Surprised, his grip loosened a little.
“You are the only one who has ever learned to manipulate the power in the dark heart of the Labyrinth. Now I want you to teach
me
that darkcraft. I will use it to destroy Theseus. I will use it to destroy his entire world. Every place that Theseus lays foot, everything he touches, every part of his world, everything will fall to decay and death. And yet even that is not all. I will combine your darkcraft with my powers as Mistress of the Labyrinth, Asterion, to free you completely.” She paused, using her brief silence for emphasis. “I will combine our powers together, beloved brother, to tear apart the Game once and for all. Never again will it ensnare you. That will be my recompense to you for my stupidity in betraying you to Theseus and my payment to you for giving me the power to tear apart Theseus and all he stands for.”
He held her eyes steady, looking for deception. “You would destroy the Game? Free me completely so that I may be reborn into life as I will?”
“Yes!

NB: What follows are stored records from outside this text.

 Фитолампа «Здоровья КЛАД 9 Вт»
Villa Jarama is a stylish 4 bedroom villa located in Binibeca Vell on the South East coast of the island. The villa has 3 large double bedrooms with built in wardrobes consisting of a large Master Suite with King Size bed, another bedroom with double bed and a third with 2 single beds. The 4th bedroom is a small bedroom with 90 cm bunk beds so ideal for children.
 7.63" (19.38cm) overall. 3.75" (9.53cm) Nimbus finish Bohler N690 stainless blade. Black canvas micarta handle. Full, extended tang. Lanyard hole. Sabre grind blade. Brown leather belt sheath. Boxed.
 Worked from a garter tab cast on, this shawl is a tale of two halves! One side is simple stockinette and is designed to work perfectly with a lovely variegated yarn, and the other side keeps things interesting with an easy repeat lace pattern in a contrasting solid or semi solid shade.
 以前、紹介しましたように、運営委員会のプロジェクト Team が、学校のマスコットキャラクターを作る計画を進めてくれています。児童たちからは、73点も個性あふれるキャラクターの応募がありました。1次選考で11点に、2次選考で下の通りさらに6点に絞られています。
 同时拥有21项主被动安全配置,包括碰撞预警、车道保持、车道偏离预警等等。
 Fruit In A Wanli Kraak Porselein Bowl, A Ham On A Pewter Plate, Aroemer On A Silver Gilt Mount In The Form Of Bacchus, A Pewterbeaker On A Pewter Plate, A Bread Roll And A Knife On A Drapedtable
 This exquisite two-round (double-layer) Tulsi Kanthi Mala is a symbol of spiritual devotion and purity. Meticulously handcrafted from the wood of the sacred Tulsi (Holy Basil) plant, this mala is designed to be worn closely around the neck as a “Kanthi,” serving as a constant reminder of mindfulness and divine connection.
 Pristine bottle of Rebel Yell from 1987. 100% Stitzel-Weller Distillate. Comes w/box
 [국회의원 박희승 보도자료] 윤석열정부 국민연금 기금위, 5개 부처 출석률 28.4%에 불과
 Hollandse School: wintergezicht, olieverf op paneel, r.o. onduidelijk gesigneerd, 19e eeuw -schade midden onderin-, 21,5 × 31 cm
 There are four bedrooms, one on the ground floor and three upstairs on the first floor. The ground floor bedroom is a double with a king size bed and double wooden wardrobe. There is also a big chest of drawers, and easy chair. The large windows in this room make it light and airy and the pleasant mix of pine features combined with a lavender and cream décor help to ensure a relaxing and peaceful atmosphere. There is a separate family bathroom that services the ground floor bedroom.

This is something that only I can do, you know that…but you must also know I need the use of your darkcraft to do it. Teach it to me, I beg you.”
“If you lie—”
“I do not!”
“If you do not destroy the Game—”
“I will!”
He gazed at her, unsure, unwilling to believe her. “If I give to you the darkcraft,” he said, “and you misuse it in any manner—to trick me or trap me—then
I
will destroy
you
.”
She started to speak, but he hushed her. “I will, for there is one thing else that I shall demand of you, Ariadne, Mistress of the Labyrinth.”
“Yes?”
“That in return for teaching you the darkcraft, for opening to you completely the dark heart of the Labyrinth, you shall not only destroy the Game forever, but you will allow me to become your ruler. Your lord. Call it what you want, but know that if you ever attempt to betray me again, if you do not destroy the Game completely, I demand that you shall fall to the ground before me, and become my creature entirely.”
“Of course!”
His expression did not change. “‘Of course’? Taking not a breath to consider? How quickly you agree.”
“I will not betray you again, Asterion. Teach me the darkcraft and I swear—on the life of my daughter!—that I will use it to destroy the Game utterly. It shall never entrap you again.”
He nodded, very slowly, holding her eyes the entire time. On the life of her daughter? No Mistress of the Labyrinth ever used the name of her daughter lightly. Yes…yes, she was being honest with him.
As honest as Ariadne could be.
He smiled, tight and hard. “Your hatred of Theseus must be great indeed to arrange such dark bargains. First with the Crone, and then with me.”
She inclined her head. “He thought to cast me aside,” she said. “No one does that to the Mistress of the Labyrinth.”
“Very well,” he said. “I accept. The bargain is concluded.” His hand tightened once more in the waistband of her skirt, but this time far more cruelly. “You shall have the darkcraft, but I shall take my pleasure in it. Pain, for the pain you inflicted on me. Pain, to seal the bargain made between us.”
He buried his other hand in her elaborately braided hair and, with all the strength of the bull that was his, he lifted her up and hurled her down to the bed.
That night was agonisingly long, and she emerged from it barely alive, but at the end of it Ariadne had what she wanted.
Two days later, stiff, sore, her badly damaged body protesting at every step, Ariadne made her way into the village’s herb garden. In her arms she carried the wicker basket, and in that basket rested her sleeping daughter.
Two of the village midwives who had attended the birth of her daughter watched uneasily from the shadowed doorway of the house Ariadne had left.